Result on unpatched kernel:
Sent: 222 packets
skbuff_head_cache: before=6439 after=6663 growth=224
FAIL: skb leak detected (224 objects leaked)
Attached a test script that automates this. With the fix applied
(TC_ACT_SHOT for non-EINPROGRESS errors), the skbs get freed and
the test passes. The test script is generated by AI.
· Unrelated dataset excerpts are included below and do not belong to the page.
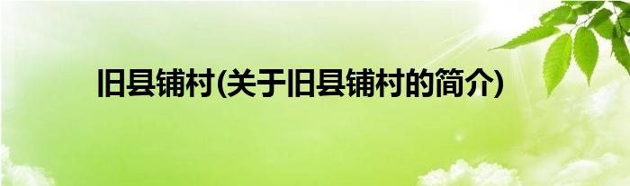 本文关于旧县铺村的简介就讲解完毕,希望对大家有所帮助。
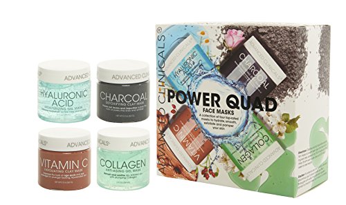 -. Title : Advanced Clinicals Power Quad Face Masks – Charcoal Mask, Vitamin C Mask, Collagen Mask, Hyaluronic Mask. 2oz each. Great gift set!
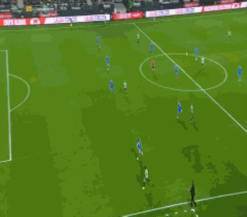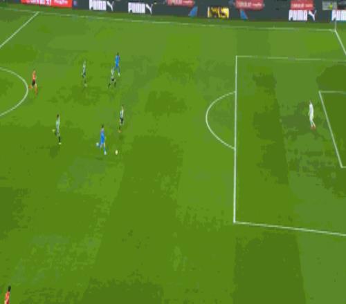 第16分鐘,不應(yīng)該,盧克曼單刀低射偏出
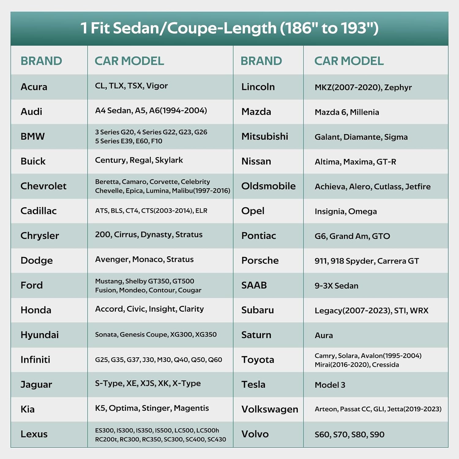 - 【CHOOSE THE RIGHT MODEL】: Molebt car cover fits Sedan & coupe 186 to 193 inch. For example Ford Mustang, Chevy Camaro, Chevelle Corvette C3 C4 C5 C6 C7 C8, Toyota Camry, Honda Accord/Civic, Kia Optima/K5/Stinger, Volvo S60, Nissan Altima/Maxima, Hyundai Sonata, Ford Fusion, Lexus ES350, Volkswagen Passat, Infiniti G35/G37, Tesla Model 3.
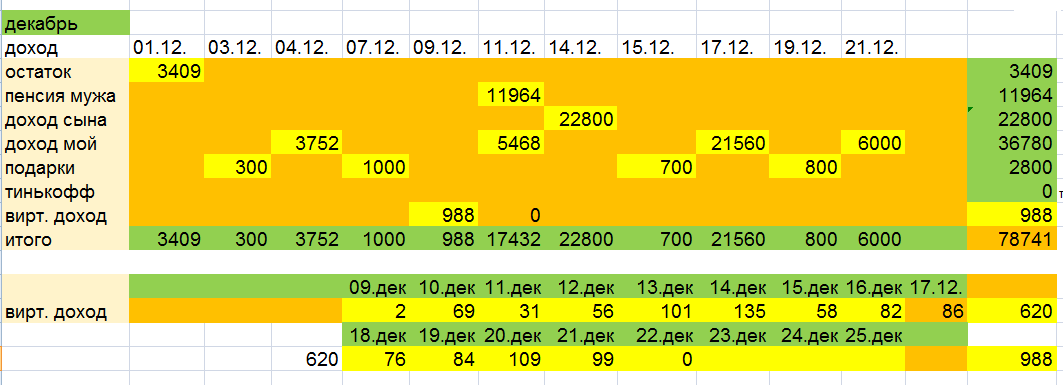 Заказала внучке подарок/ итоги бюджета за 20 декабря
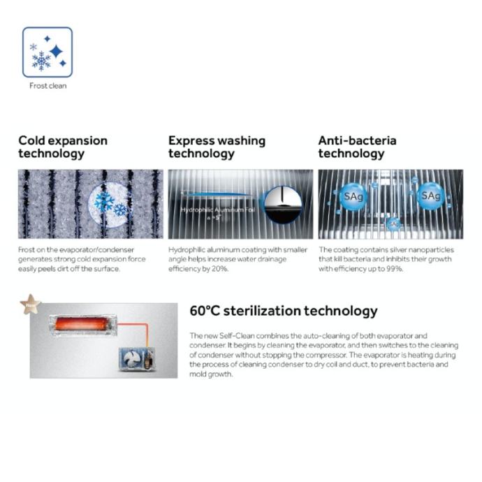 Automatsko samočišćenje hladnom ekspanzijom - zaleđivanjem površine isparivača učinkovito se uklanjaju nečistoće i bakterije.

On Thu, Apr 16, 2026 at 11:32 PM Jamal Hadi Salim <jhs@mojatatu.com> wrote:
> On Thu, Apr 16, 2026 at 9:01 AM Dudu Lu <phx0fer@gmail.com> wrote:
> >
> > When tcf_ct_handle_fragments() returns an error other than -EINPROGRESS
> > (e.g. -EINVAL from malformed fragments), tcf_ct_act() jumps to out_frag
> > which unconditionally returns TC_ACT_CONSUMED. This tells the caller the
> > skb was consumed, but it was not freed, leaking one skb per malformed
> > fragment.
> >
> > TC_ACT_CONSUMED is only correct for -EINPROGRESS, where defragmentation
> > is genuinely in progress and the skb has been queued. For all other
> > errors the skb is still owned by the caller and must be freed via
> > TC_ACT_SHOT.
> >
> > Fixes: 3f14b377d01d ("net/sched: act_ct: fix skb leak and crash on ooo
> frags")
> > Signed-off-by: Dudu Lu <phx0fer@gmail.com>
>
> Do you have a reproducer? Always helps adding at least a tdc test.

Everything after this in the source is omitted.